Supplied records
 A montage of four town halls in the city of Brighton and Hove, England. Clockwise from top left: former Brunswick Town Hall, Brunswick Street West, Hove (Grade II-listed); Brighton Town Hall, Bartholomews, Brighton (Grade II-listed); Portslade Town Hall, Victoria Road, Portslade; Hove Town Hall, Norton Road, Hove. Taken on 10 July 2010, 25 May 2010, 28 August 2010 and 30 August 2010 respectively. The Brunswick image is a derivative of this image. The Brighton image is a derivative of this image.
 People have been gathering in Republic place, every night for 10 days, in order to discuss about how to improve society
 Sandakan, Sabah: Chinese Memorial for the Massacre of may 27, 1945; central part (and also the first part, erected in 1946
==
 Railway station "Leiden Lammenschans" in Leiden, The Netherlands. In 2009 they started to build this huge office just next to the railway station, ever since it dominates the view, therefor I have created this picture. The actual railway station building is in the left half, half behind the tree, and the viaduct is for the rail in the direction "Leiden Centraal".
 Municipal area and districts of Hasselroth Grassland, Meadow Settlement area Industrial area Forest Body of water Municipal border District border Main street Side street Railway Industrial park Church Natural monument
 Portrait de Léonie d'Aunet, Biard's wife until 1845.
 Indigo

Problem to work on
Every line in the data above that includes the word "left" should be copied.

The completed task
 A montage of four town halls in the city of Brighton and Hove, England. Clockwise from top left: former Brunswick Town Hall, Brunswick Street West, Hove (Grade II-listed); Brighton Town Hall, Bartholomews, Brighton (Grade II-listed); Portslade Town Hall, Victoria Road, Portslade; Hove Town Hall, Norton Road, Hove. Taken on 10 July 2010, 25 May 2010, 28 August 2010 and 30 August 2010 respectively. The Brunswick image is a derivative of this image. The Brighton image is a derivative of this image.
 Railway station "Leiden Lammenschans" in Leiden, The Netherlands. In 2009 they started to build this huge office just next to the railway station, ever since it dominates the view, therefor I have created this picture. The actual railway station building is in the left half, half behind the tree, and the viaduct is for the rail in the direction "Leiden Centraal".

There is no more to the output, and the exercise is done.